0x001c+    ...         Lots of high-entropy data

The fact that I could see my uncompressed size (which I knew because I generated the data) in there was really encouraging. Also, seeing the chunk size (and that it would change if I set a different chunk size when compressing data) made me think I might have what I need.

But how does the chunk size relate to compressed / uncompressed sizes? I naively attempted calling the wimlib decompression function with the whole blob and specifying the full buffer’s uncompressed size. Alas, and just as the documentation would suggest, this didn’t work because it expects to receive only one block at a time.

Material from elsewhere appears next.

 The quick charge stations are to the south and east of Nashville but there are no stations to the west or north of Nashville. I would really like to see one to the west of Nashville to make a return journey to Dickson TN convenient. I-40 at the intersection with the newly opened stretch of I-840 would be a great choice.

The wimlib example code stores both the uncompressed and compressed size before each block. So I thought, maybe the 0x436e value was the compressed size, and I could assume that all blocks will uncompress to the 64KB chunk size (except the last one, which would be whatever bytes were needed to fill up the total uncompressed length)…

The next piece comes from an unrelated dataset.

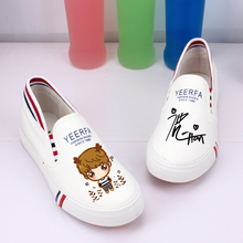 女学生平跟Q版卡通鹿晗同款EXO鞋子 白色低帮平底帆布鞋 懒人鞋

So the high-entropy data starts at offset 0x1c. What’s 0x436e bytes beyond that? Let’s see what happens around offset 0x438a:

later offset

At 0x438a we have what looks like it could be another DWORD (those suspicious double NULL bytes are a clue). Might that be a prefix indicating the compressed size of the next chunk? If so, the chunk starts at 0x438e, and would go for 0xc6d8 bytes, putting the next chunk at 0x010a66:

another offset

And so on, it seemed like these were definitely length-delimited blocks of compressed data. And the assumption that each of them should uncompress to exactly the chunk size (64KB) seemed pretty safe. So I wrote up a short decoder that just reads in one of these compressed blobs, pulls out the chunk size, and extracts each chunk in turn to attempt decompression. You can find this file here in the EvilVM repo. Running it turned up this happy result:

happy decompression

And that looks an awful lot like the 8-bit grayscale conversion of my screenshot that I started with. So this completed what I needed to compress data on the EvilVM agent side, send it to the server, and decompress it there for post processing. A very happy result!

Conclusion

It turns out that the LZMS compression algorithm is really nice. After playing with a lot of options, I ended up choosing a 3-3-2 RGB color space representation for my screenshots. I send that bitmap data directly through Compress() with a big block size, and I’m beating both JPEG and PNG file sizes right off the bat. It’s like a “poor man’s PNG”, only it’s actually better, so it’s a total win.

The Forth code to do compression turns out to be really short (read it here if you like), and for now my server (written in Ruby) just pipes the data through the C program I linked above. I may consider writing a Ruby wrapper for the wimlib calls, so that I can get rid of that external program, but for now it’s working quite well.